■ EXERCISE GOAL
Skip the pictures. Retype exactly, and only, the lines between the line holding "당진시보건소, 월경곤란증 여성 청소년 한의약 치료 대상자 모집" and the last line below, inclusive.

++++++

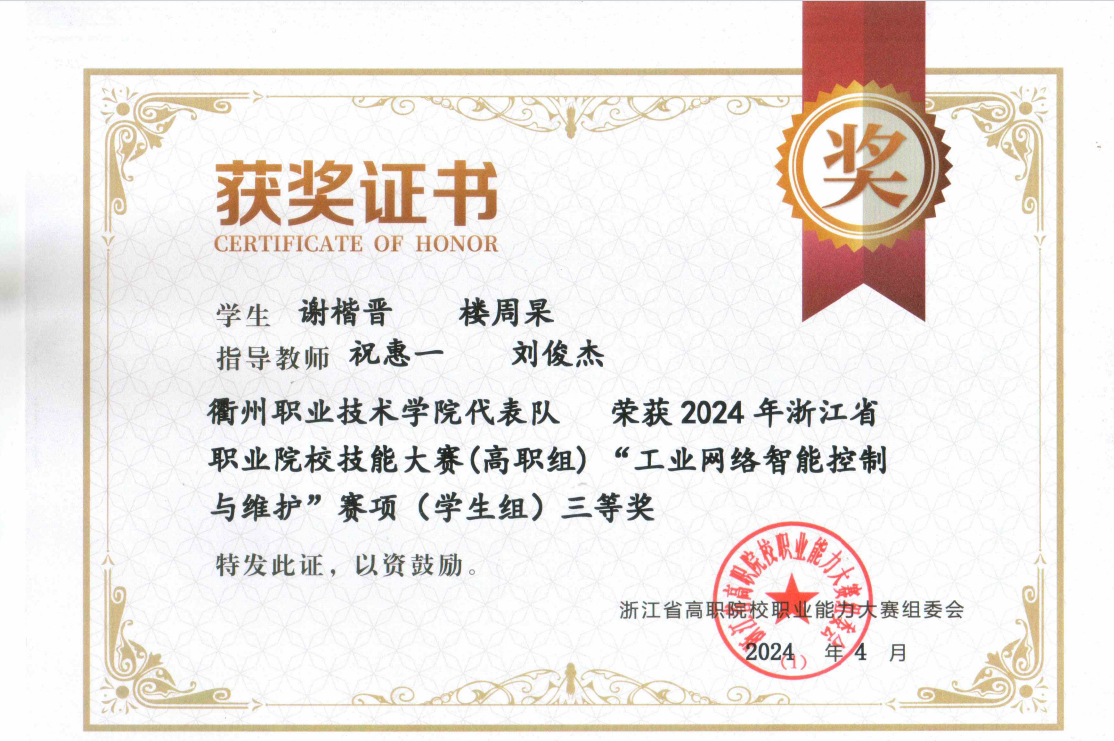 支部党员教师祝惠一参与指导,22机器人专业员工谢楷晋、楼周杲参与的赛项“工业网络智能控制与维护”获三等奖,党员教师祝惠一参与该赛项获教师组三等奖。
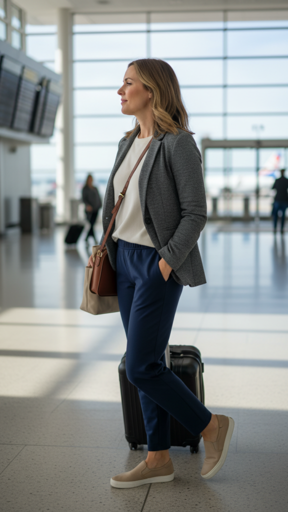 Complete the look with slip-on shoes and a structured tote. You’ll move freely through terminals while looking polished and put-together.
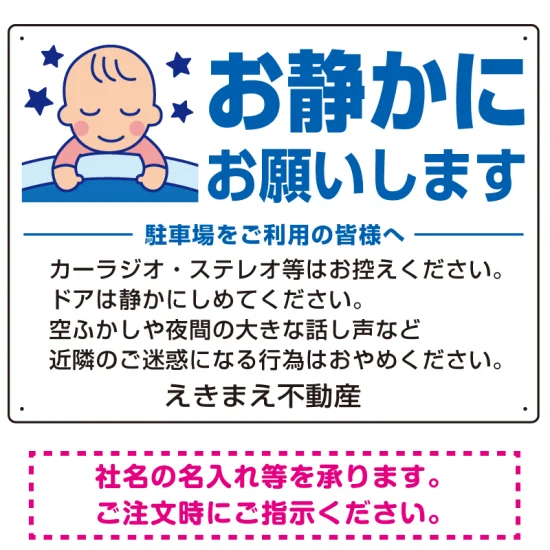 - 静かにお願いします 駐車場 オリジナル プレート看板 W600×H450 マグネットシート
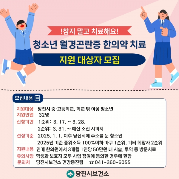 당진시보건소, 월경곤란증 여성 청소년 한의약 치료 대상자 모집
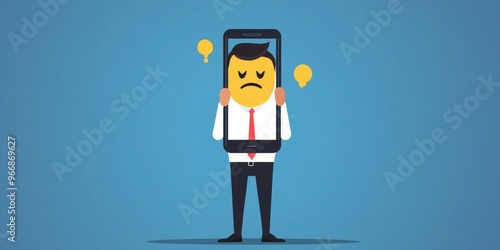 Customer Experience dissatisfied Concept, Unhappy Businessman Client with Sadness Emotion Face on smartphone screen, Bad review, bad service dislike bad quality, low rati
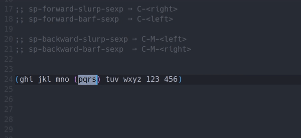 An animated cheatsheet for smartparens using the example configuration specified here by the smartparens author. Inspired by this tutorial for paredit.

++++++

■ RESULT
 당진시보건소, 월경곤란증 여성 청소년 한의약 치료 대상자 모집
 Customer Experience dissatisfied Concept, Unhappy Businessman Client with Sadness Emotion Face on smartphone screen, Bad review, bad service dislike bad quality, low rati
 An animated cheatsheet for smartparens using the example configuration specified here by the smartparens author. Inspired by this tutorial for paredit.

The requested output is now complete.